Kaluuya further refined the performance with the help of dialect coach Audrey LeCrone, as well as an opera-singing coach, who taught him how to condition his vocal cords and engage his diaphragm for the big speech scenes. By the time filming started, he felt able to deliver his lines with what felt closer to honesty than imitation.
As a teenager in London, Kaluuya learned acting at an experimental improvisational theatre, and he tries to augment his performances with a top layer of spontaneity. He wants to feel as if even scripted moments are unfolding in real time, a sense of dynamic possibility that can be transferred to the audience.
“I don’t feel like I’m entitled to anyone’s attention,” Kaluuya says. “I have to offer, or channel, or shape something that’s going to make you want to give it to me.”
Lena Waithe, who wrote and produced Queen & Slim, tells me that while filming that film’s climactic sequence, in which the fugitive main characters face a moment of truth, she thought Kaluuya seemed in touch with a higher power.
“He was in another place,” she says. “He was allowing himself to find things that aren’t on the page.”
The anniversary
The weight of history hung over every take of the Judas shoot. But Kaluuya remembers one day in particular as the hardest of his professional life.
The cast and crew were recreating the night when Chicago police officers shot a drugged Hampton dead in his sleep (O’Neal had put a barbiturate in his drink at a dinner party) on the 50th anniversary of the real-life events.
“It was a hard night for all of us,” Stanfield says. “The energy was so thick that you could feel it.”
Kaluuya, who had worked hard to create and maintain the borders between himself and his character, felt them beginning to crumble. Suddenly, he was viewing the scene not as a Black man in 1969 but as one in 2019, with a half-century of further data on the odds of survival in a white world.
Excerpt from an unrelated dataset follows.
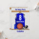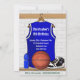 This unique birthday party invitation features a personalised blue basketball jersey hanging in a locker room with a basketball, basketball sneakers and a water bottle. The jersey is customisable with your own numbers and name, to create a truly unique birthday party invitation for the basketball player or basketball fan.

His first instinct was to suppress the emotions rising inside him. “If you get too invested in your own feelings, it can start to muddle you up,” Kaluuya says. But he decided they belonged on the screen. It was the one thing he had left to give.
“That’s where the hours show up. That’s where the craft shows up,” he says. “You don’t deny that feeling; you use it, because it’s the truth.”